Entries supplied:
◆ ◆ ◆ ◆ ◆
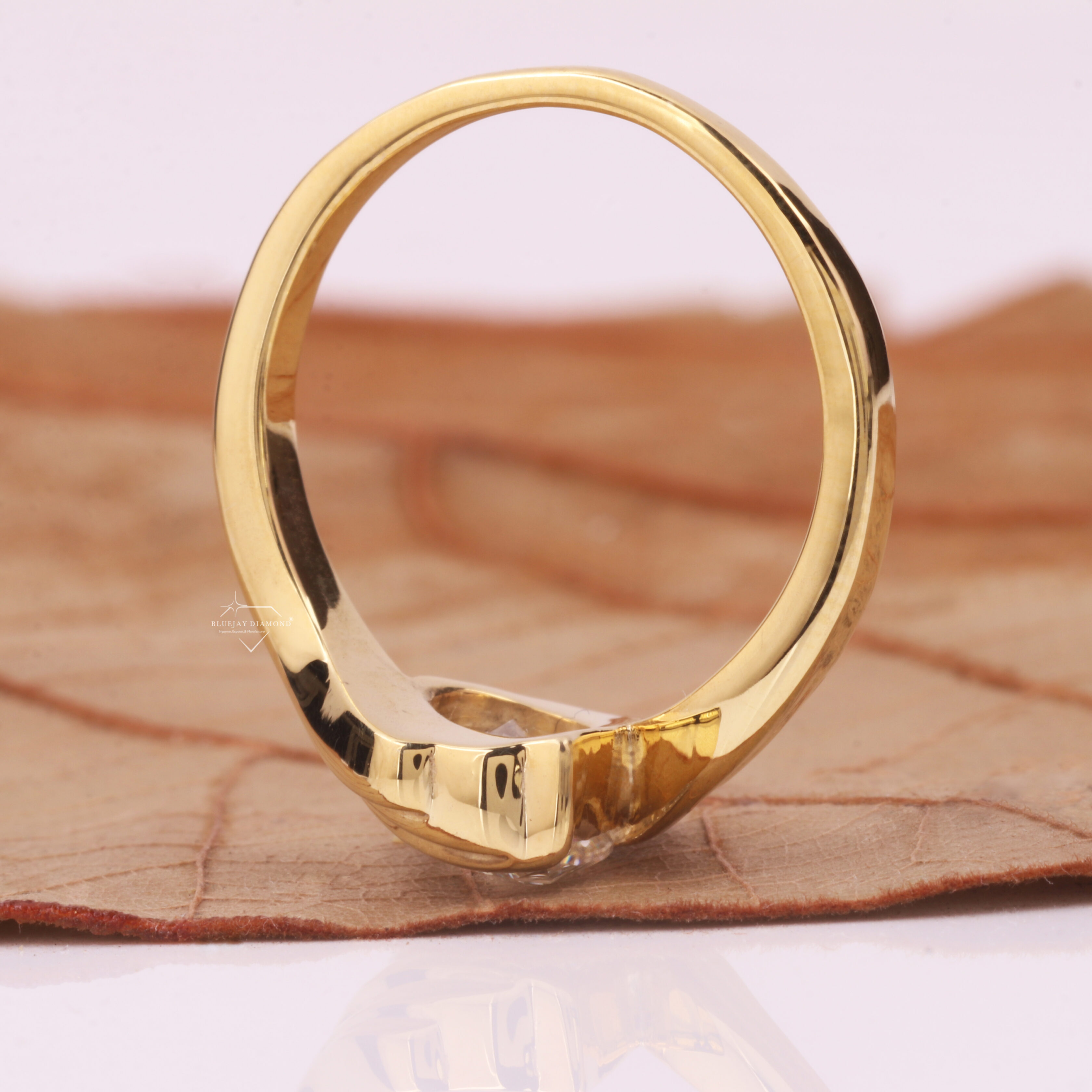 - Ring Design: The band is crafted from yellow gold and features a distinctive, sculptural wrap-around or wave-like design that cradles the diamond. The metalwork is domed and appears substantial.
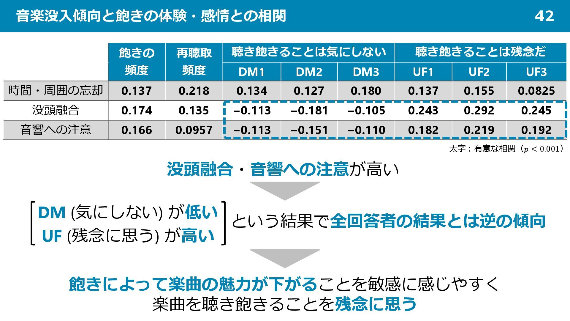 UF2 UF3 時間・周囲の忘却 0.137 0.218 0.134 0.127 0.180 0.137 0.155 0.0825 没頭融合 0.174 0.135 −0.113 −0.181 −0.105 0.243 0.292 0.245 音響への注意 0.166 0.0957 −0.113 −0.151 −0.110 0.182 0.219 0.192 音楽没入傾向と飽きの体験・感情との相関 41 太字:有意な相関(𝑝𝑝 < 0.001) 音楽没入傾向が高い 楽曲の飽きを体験しやすいが聴き飽きた楽曲を再度聴く頻度も高い 特定の楽曲に没頭して繰り返し聴くため飽きを感じやすい 楽曲への興味の消失ではない一時的な飽きなのでいずれは再度聴く
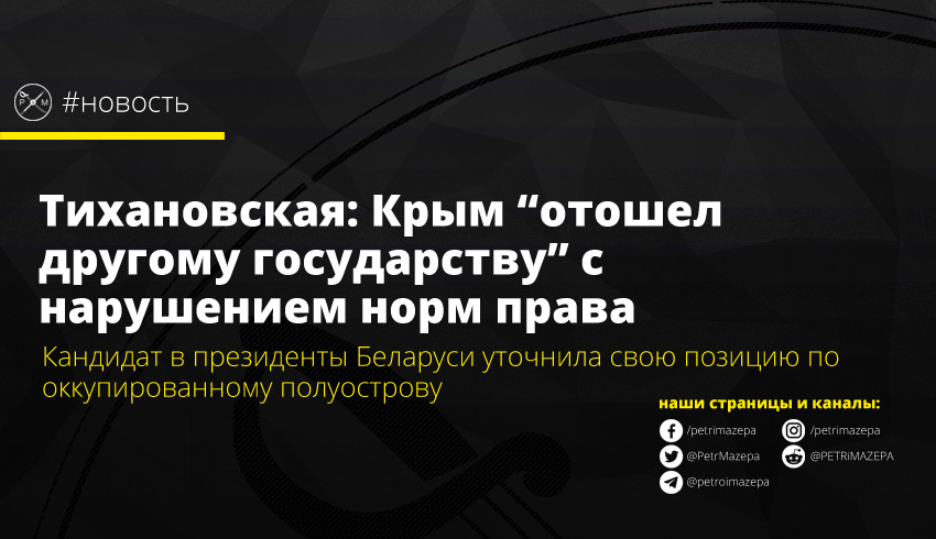 Кандидат в президенты Беларуси Светлана Тихановская уточнила свою позицию относительно украинского Крыма. В интервью литовскому СМИ она заявила, что полуостров «отошел другому государству» с нарушением норм международного права.
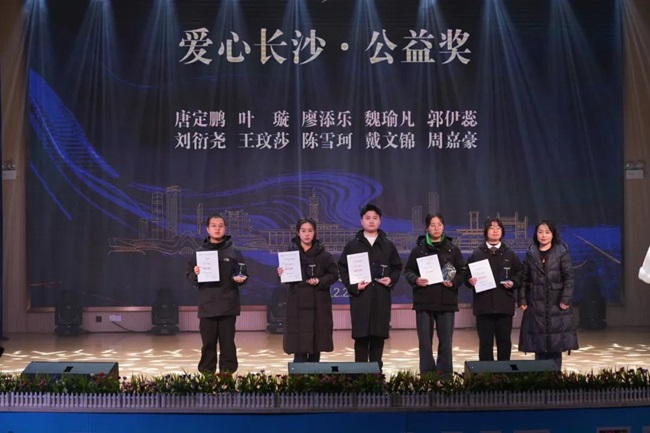 长沙市教育局办公室副主任、国际交流处副处长周卓莹为“爱心长沙·公益奖”获奖代表颁奖。
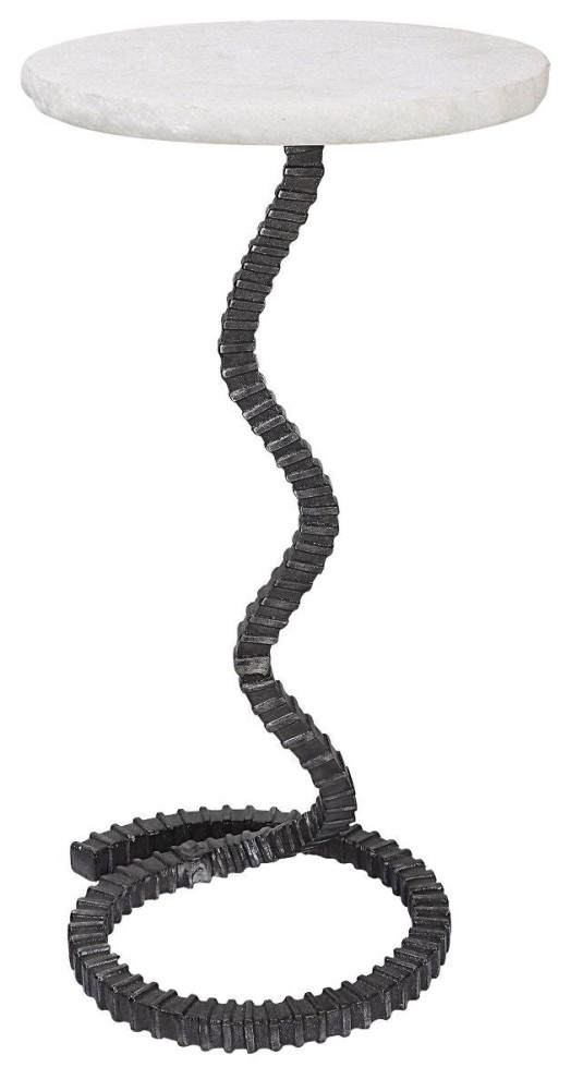 This Contemporary Drink Table Is The Perfect Accent For Your Favorite Book Or Cocktail. The Cast Iron Base Is Coiled Into Unique Curves With Notched Details In A Gunmetal Finish, Paired With A Chiseled Edge Man-made Stone Top In White That Accurately Replicates The Look Of Thassos Marble. Uttermost's Furniture Combines Premium Quality Materials With Unique High-style Design. With The Advanced Product Engineering And Packaging Reinforcement, Uttermost Maintains Some Of The Lowest Damage Rates In The Industry. Each Product Is Designed, Manufactured And Packaged With Shipping In Mind.
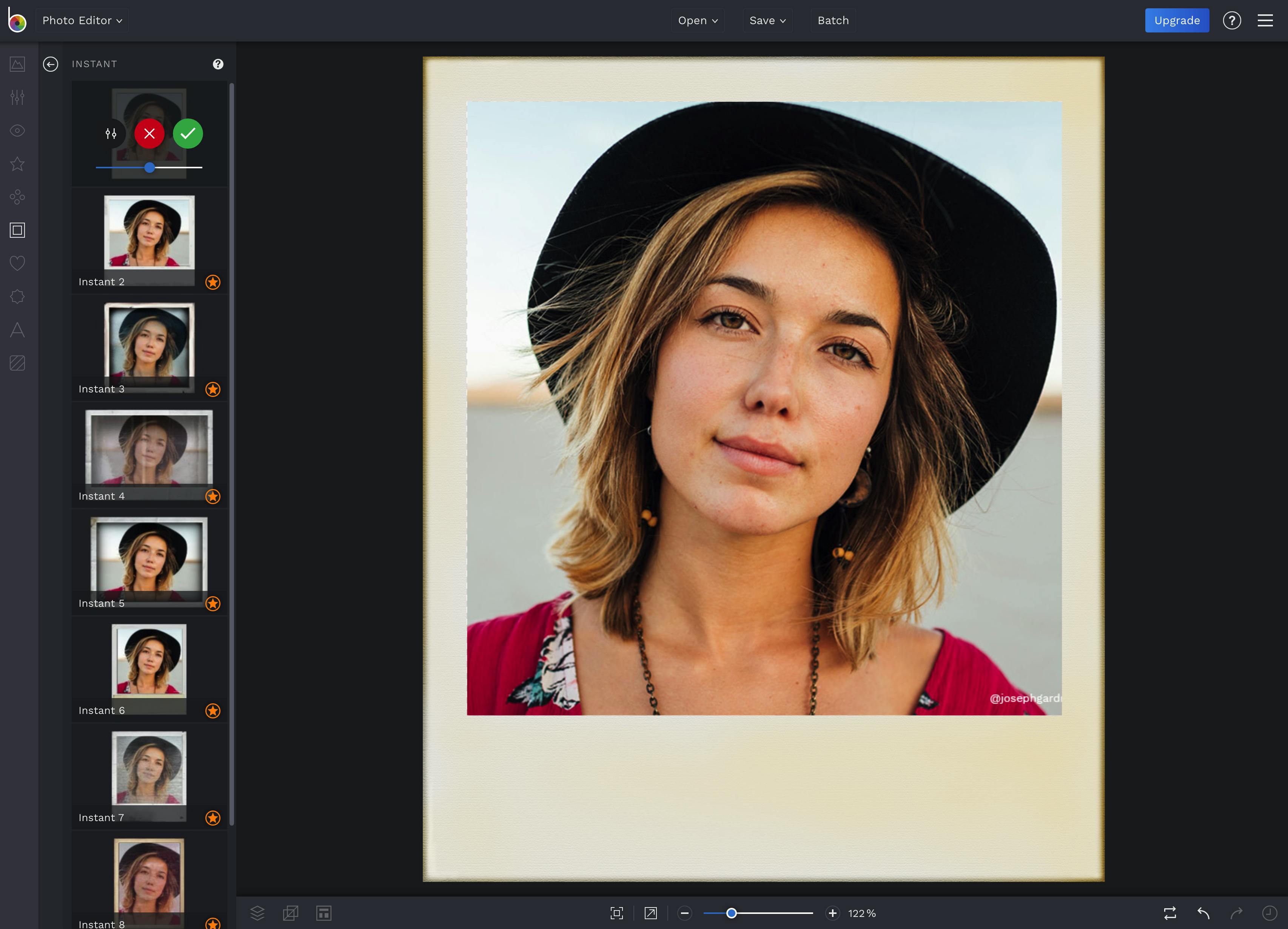 Voor de online editor BeFunky hoef je je niet eens te registreren en ook hier zijn de verschillende stijlen verdeeld in sets: decoratief, vintage, kantwerk, handgeschilderd en grungy. Van iedere set mag je het eerste ontwerp gratis gebruiken, de overige frames zijn gemarkeerd met een sterretje. Dat betekent dat ze bij een premium-account horen. Voor een upgrade van ongeveer 5 dollar per maand heb je veel meer mogelijkheden. Maar de kwaliteit is telkens erg goed. BeFunky is trouwens ook beschikbaar als iOS- en Android-app en werkt samen met de bekende socialmediasites.
◆ ◆ ◆ ◆ ◆
Your task: Pictures should be skipped, and the records retyped word for word.

Answer box:
 - Ring Design: The band is crafted from yellow gold and features a distinctive, sculptural wrap-around or wave-like design that cradles the diamond. The metalwork is domed and appears substantial.
 UF2 UF3 時間・周囲の忘却 0.137 0.218 0.134 0.127 0.180 0.137 0.155 0.0825 没頭融合 0.174 0.135 −0.113 −0.181 −0.105 0.243 0.292 0.245 音響への注意 0.166 0.0957 −0.113 −0.151 −0.110 0.182 0.219 0.192 音楽没入傾向と飽きの体験・感情との相関 41 太字:有意な相関(𝑝𝑝 < 0.001) 音楽没入傾向が高い 楽曲の飽きを体験しやすいが聴き飽きた楽曲を再度聴く頻度も高い 特定の楽曲に没頭して繰り返し聴くため飽きを感じやすい 楽曲への興味の消失ではない一時的な飽きなのでいずれは再度聴く
 Кандидат в президенты Беларуси Светлана Тихановская уточнила свою позицию относительно украинского Крыма. В интервью литовскому СМИ она заявила, что полуостров «отошел другому государству» с нарушением норм международного права.
 长沙市教育局办公室副主任、国际交流处副处长周卓莹为“爱心长沙·公益奖”获奖代表颁奖。
 This Contemporary Drink Table Is The Perfect Accent For Your Favorite Book Or Cocktail. The Cast Iron Base Is Coiled Into Unique Curves With Notched Details In A Gunmetal Finish, Paired With A Chiseled Edge Man-made Stone Top In White That Accurately Replicates The Look Of Thassos Marble. Uttermost's Furniture Combines Premium Quality Materials With Unique High-style Design. With The Advanced Product Engineering And Packaging Reinforcement, Uttermost Maintains Some Of The Lowest Damage Rates In The Industry. Each Product Is Designed, Manufactured And Packaged With Shipping In Mind.
 Voor de online editor BeFunky hoef je je niet eens te registreren en ook hier zijn de verschillende stijlen verdeeld in sets: decoratief, vintage, kantwerk, handgeschilderd en grungy. Van iedere set mag je het eerste ontwerp gratis gebruiken, de overige frames zijn gemarkeerd met een sterretje. Dat betekent dat ze bij een premium-account horen. Voor een upgrade van ongeveer 5 dollar per maand heb je veel meer mogelijkheden. Maar de kwaliteit is telkens erg goed. BeFunky is trouwens ook beschikbaar als iOS- en Android-app en werkt samen met de bekende socialmediasites.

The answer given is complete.